Work task :: Each line below from the "I’ve introduced this" line through the "Geniet van comfort" line, those two included, must be restated word for word; the pictures must not be.

BEGIN Exercise data

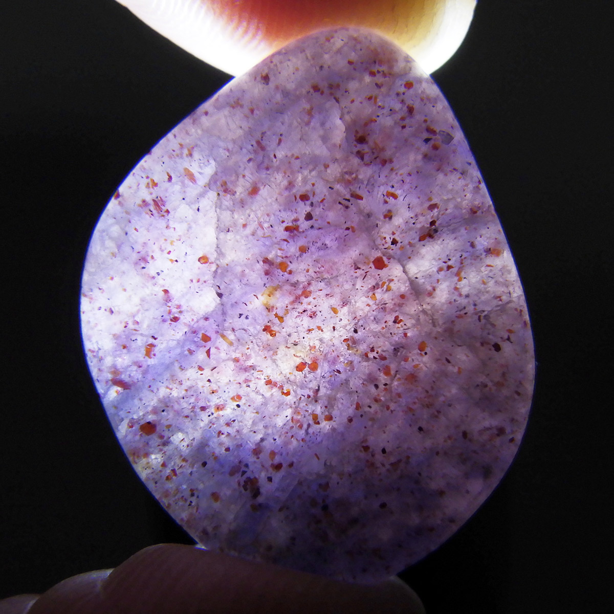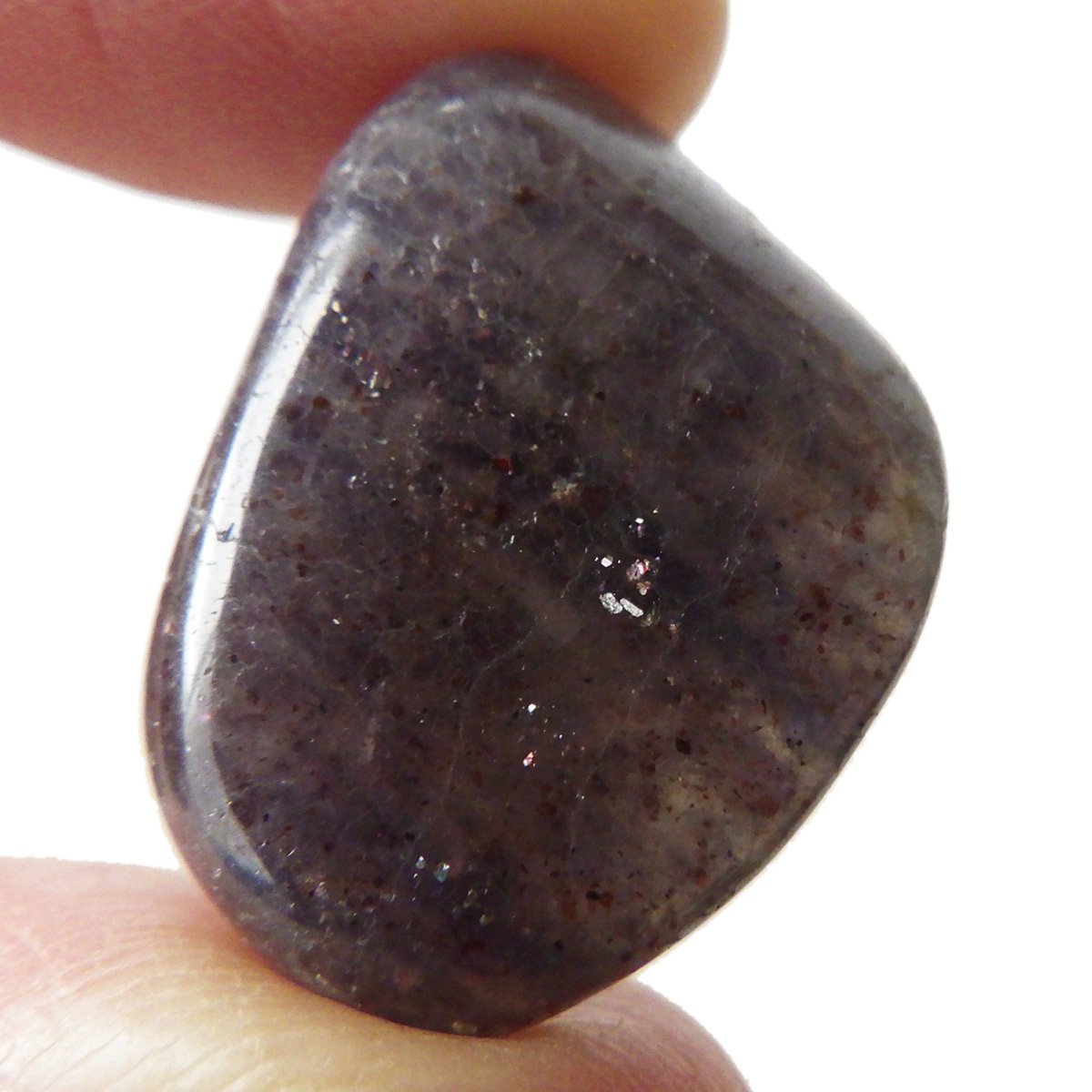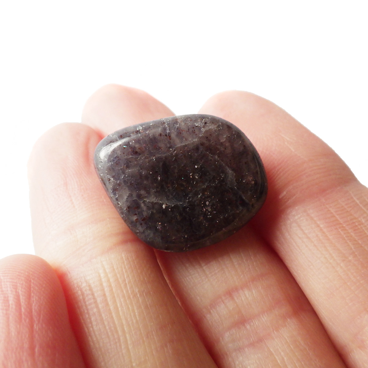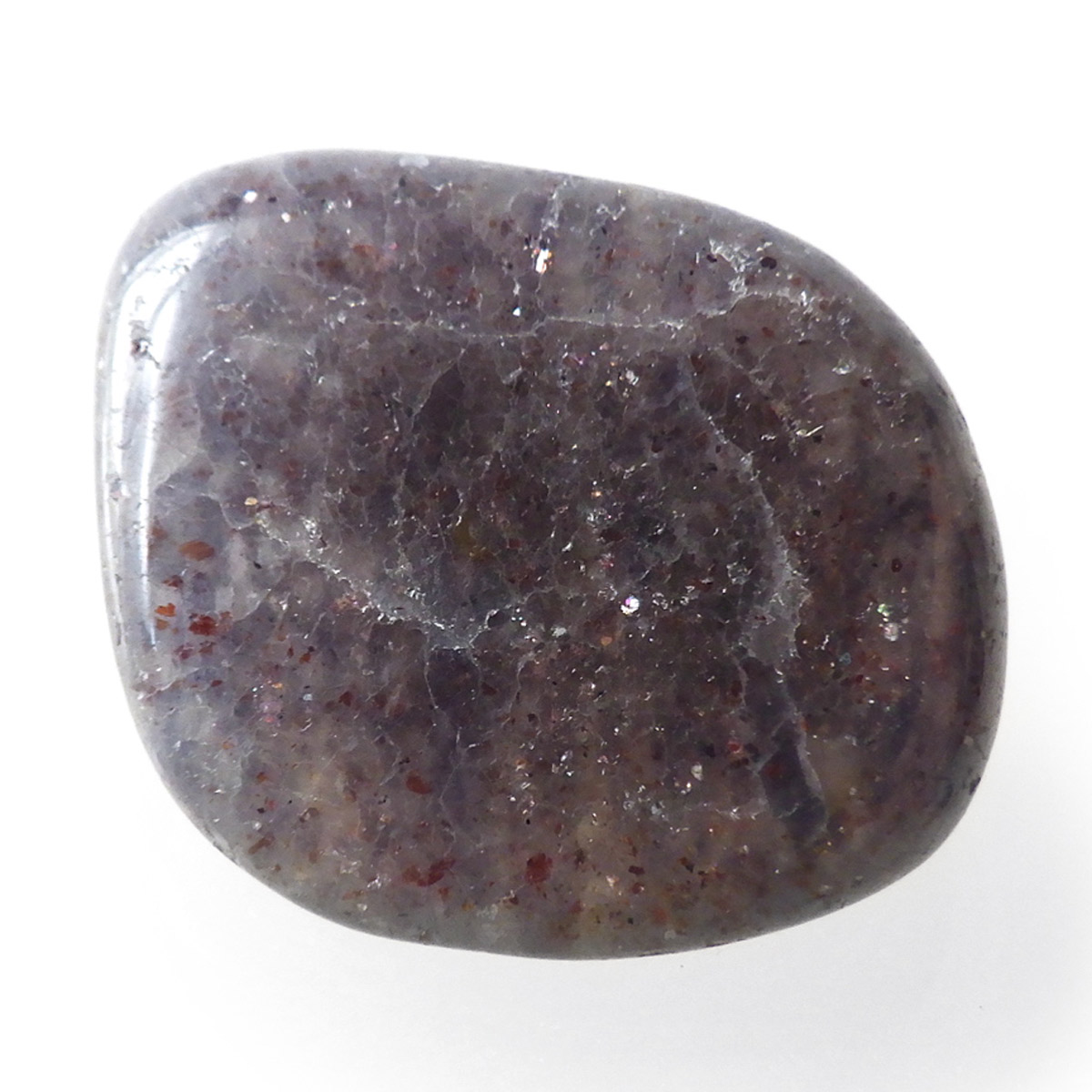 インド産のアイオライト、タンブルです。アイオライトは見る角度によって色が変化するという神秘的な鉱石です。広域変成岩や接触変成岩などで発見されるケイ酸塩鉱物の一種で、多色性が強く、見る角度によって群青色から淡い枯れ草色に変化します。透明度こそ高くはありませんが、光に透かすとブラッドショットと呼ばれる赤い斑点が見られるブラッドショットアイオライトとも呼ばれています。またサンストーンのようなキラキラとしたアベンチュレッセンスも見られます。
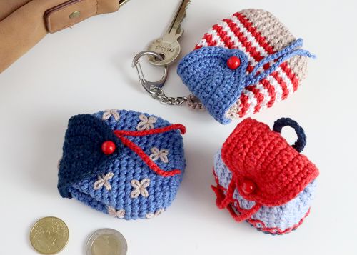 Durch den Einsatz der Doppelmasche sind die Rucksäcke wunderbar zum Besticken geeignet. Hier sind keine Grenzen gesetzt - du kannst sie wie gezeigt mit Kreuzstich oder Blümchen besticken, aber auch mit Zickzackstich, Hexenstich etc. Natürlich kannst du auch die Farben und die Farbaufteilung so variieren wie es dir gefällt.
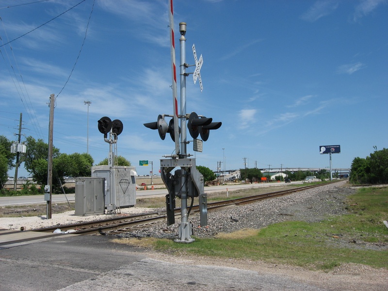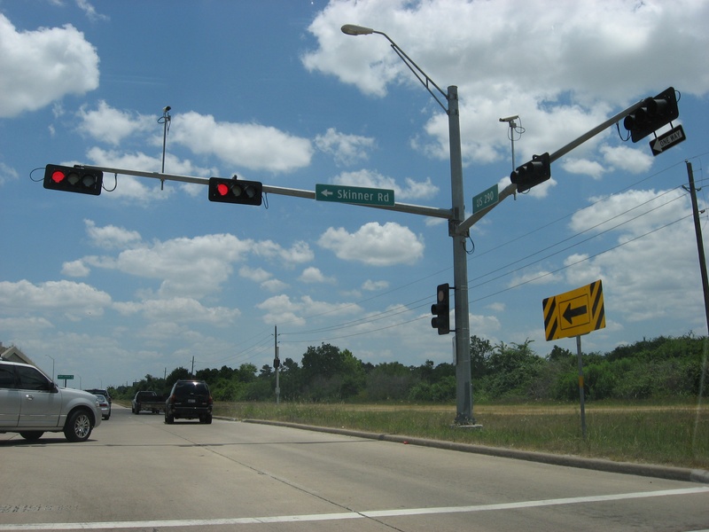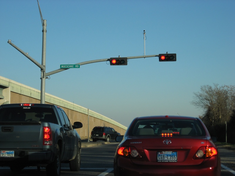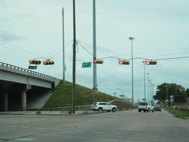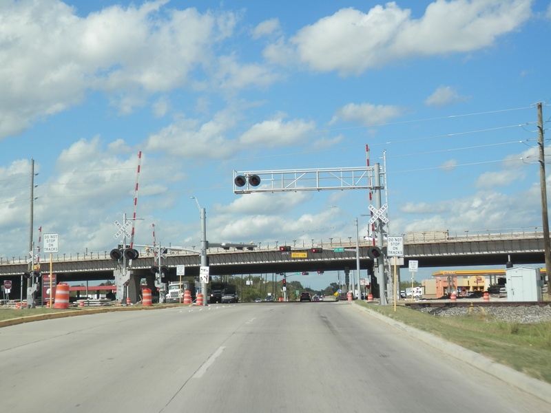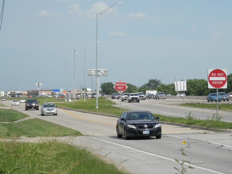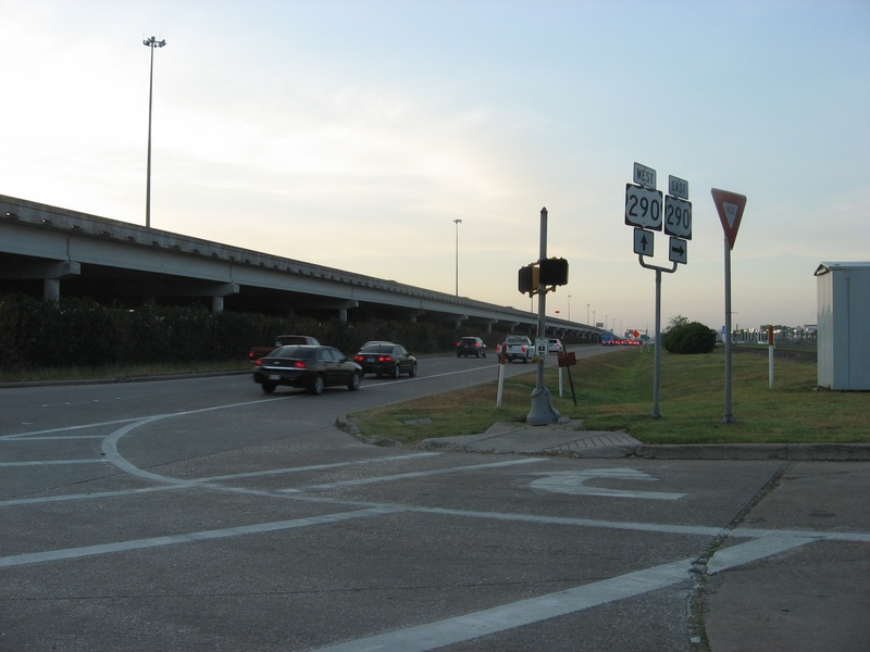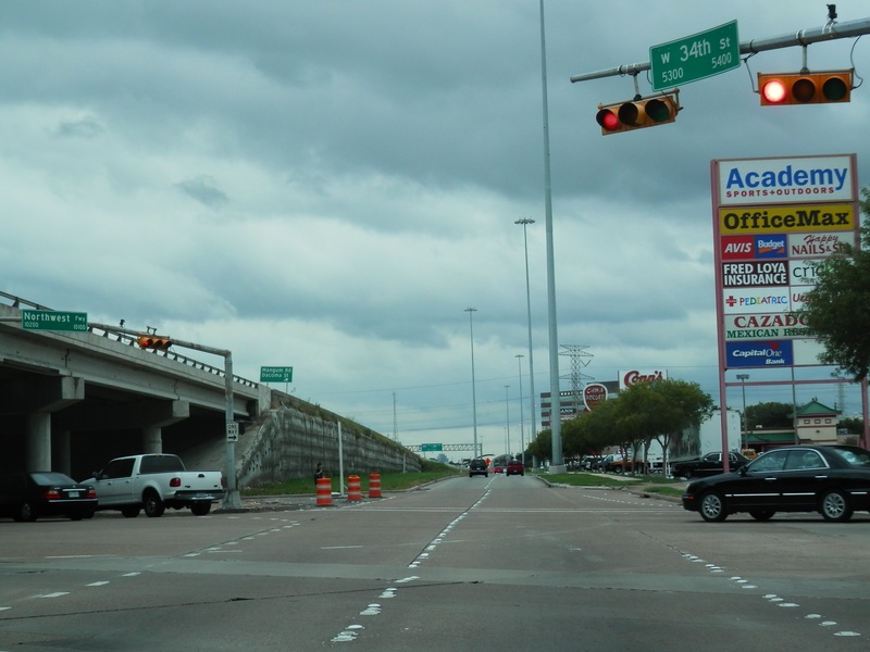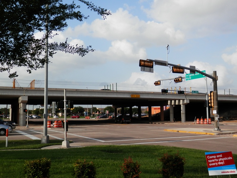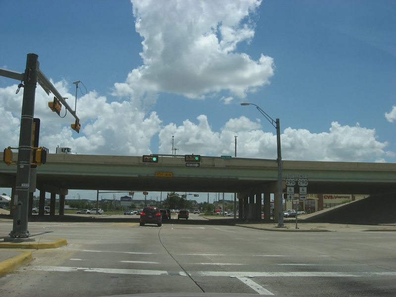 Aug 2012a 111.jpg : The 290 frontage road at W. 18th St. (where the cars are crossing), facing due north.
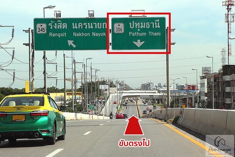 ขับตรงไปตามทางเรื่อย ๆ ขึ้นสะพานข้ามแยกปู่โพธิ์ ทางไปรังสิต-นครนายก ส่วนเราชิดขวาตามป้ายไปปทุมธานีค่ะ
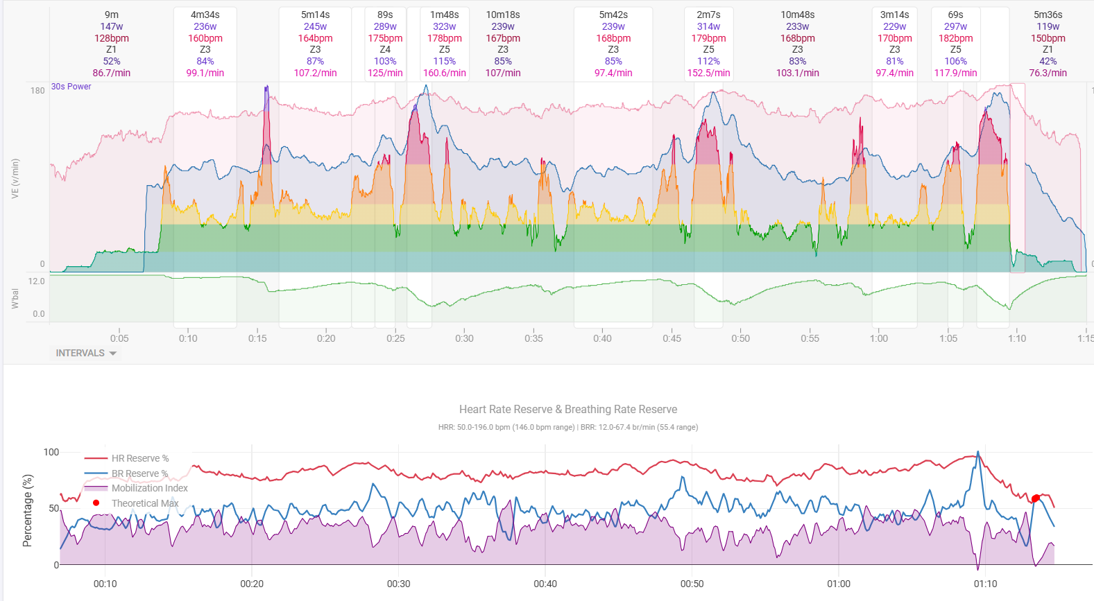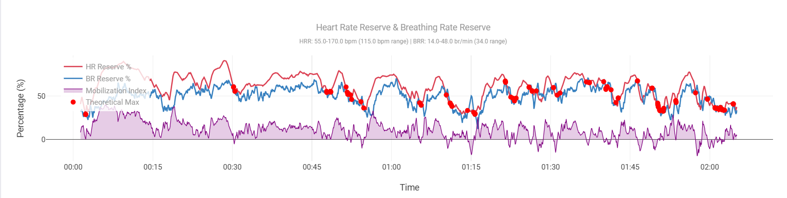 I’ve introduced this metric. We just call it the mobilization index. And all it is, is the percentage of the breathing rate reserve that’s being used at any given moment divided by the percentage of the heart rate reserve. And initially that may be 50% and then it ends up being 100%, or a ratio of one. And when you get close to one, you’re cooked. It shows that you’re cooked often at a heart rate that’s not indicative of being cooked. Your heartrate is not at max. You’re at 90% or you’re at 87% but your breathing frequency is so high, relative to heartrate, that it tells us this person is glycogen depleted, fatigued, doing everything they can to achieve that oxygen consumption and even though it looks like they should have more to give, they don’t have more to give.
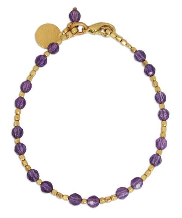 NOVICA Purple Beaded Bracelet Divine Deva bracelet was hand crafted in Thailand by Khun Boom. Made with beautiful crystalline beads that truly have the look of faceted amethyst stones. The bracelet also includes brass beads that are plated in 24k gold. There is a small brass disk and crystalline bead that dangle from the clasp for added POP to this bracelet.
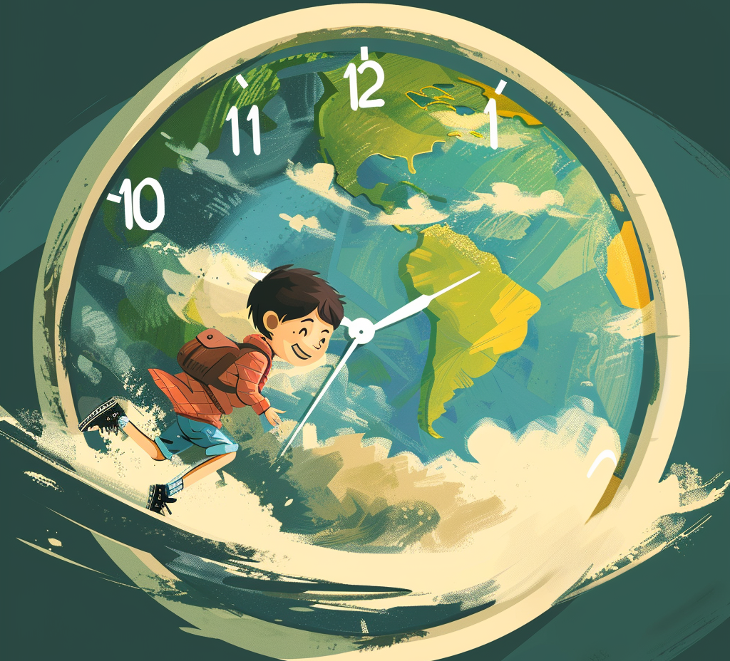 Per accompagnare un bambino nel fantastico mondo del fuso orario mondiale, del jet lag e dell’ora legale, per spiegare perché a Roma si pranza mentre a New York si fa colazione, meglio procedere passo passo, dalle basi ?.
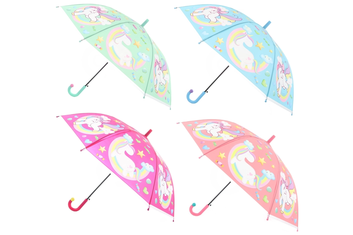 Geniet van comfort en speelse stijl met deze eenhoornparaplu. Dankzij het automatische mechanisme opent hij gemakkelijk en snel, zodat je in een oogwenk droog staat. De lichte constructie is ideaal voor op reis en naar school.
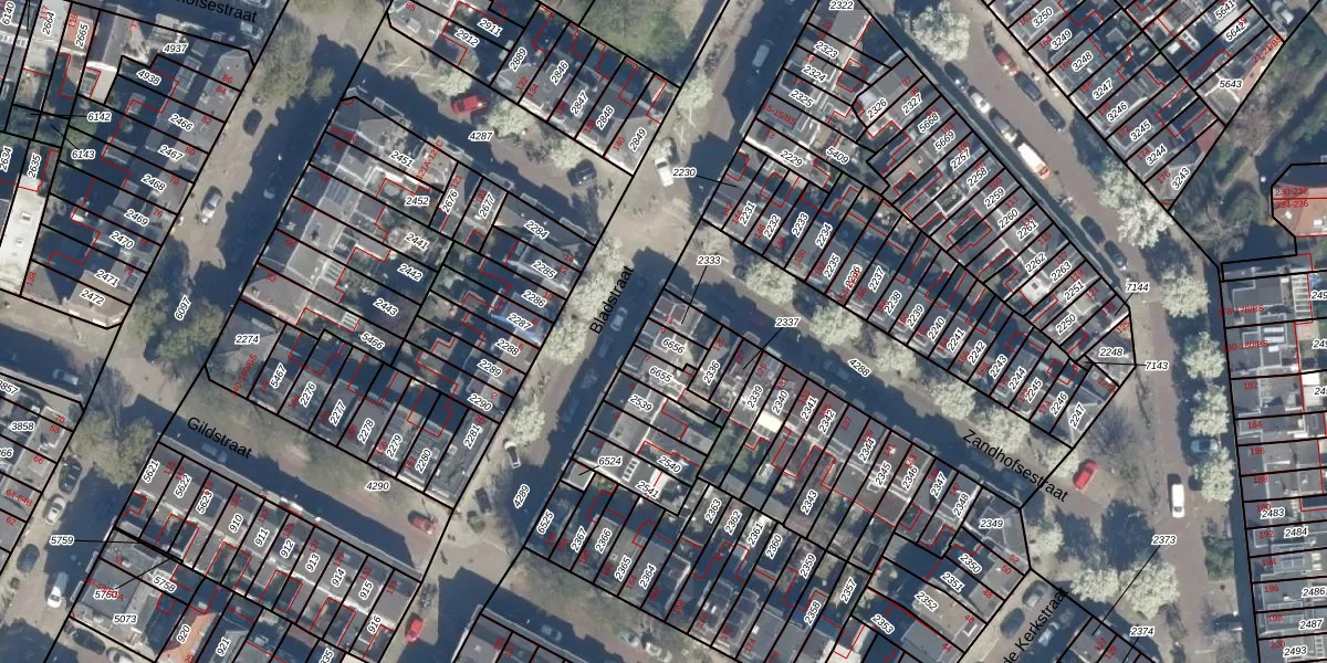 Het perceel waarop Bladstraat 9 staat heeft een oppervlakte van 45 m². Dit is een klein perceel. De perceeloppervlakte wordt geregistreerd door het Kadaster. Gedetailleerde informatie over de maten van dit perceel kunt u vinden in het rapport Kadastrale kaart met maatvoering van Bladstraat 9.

END Exercise data

Answer space ::
 I’ve introduced this metric. We just call it the mobilization index. And all it is, is the percentage of the breathing rate reserve that’s being used at any given moment divided by the percentage of the heart rate reserve. And initially that may be 50% and then it ends up being 100%, or a ratio of one. And when you get close to one, you’re cooked. It shows that you’re cooked often at a heart rate that’s not indicative of being cooked. Your heartrate is not at max. You’re at 90% or you’re at 87% but your breathing frequency is so high, relative to heartrate, that it tells us this person is glycogen depleted, fatigued, doing everything they can to achieve that oxygen consumption and even though it looks like they should have more to give, they don’t have more to give.
 NOVICA Purple Beaded Bracelet Divine Deva bracelet was hand crafted in Thailand by Khun Boom. Made with beautiful crystalline beads that truly have the look of faceted amethyst stones. The bracelet also includes brass beads that are plated in 24k gold. There is a small brass disk and crystalline bead that dangle from the clasp for added POP to this bracelet.
 Per accompagnare un bambino nel fantastico mondo del fuso orario mondiale, del jet lag e dell’ora legale, per spiegare perché a Roma si pranza mentre a New York si fa colazione, meglio procedere passo passo, dalle basi ?.
 Geniet van comfort en speelse stijl met deze eenhoornparaplu. Dankzij het automatische mechanisme opent hij gemakkelijk en snel, zodat je in een oogwenk droog staat. De lichte constructie is ideaal voor op reis en naar school.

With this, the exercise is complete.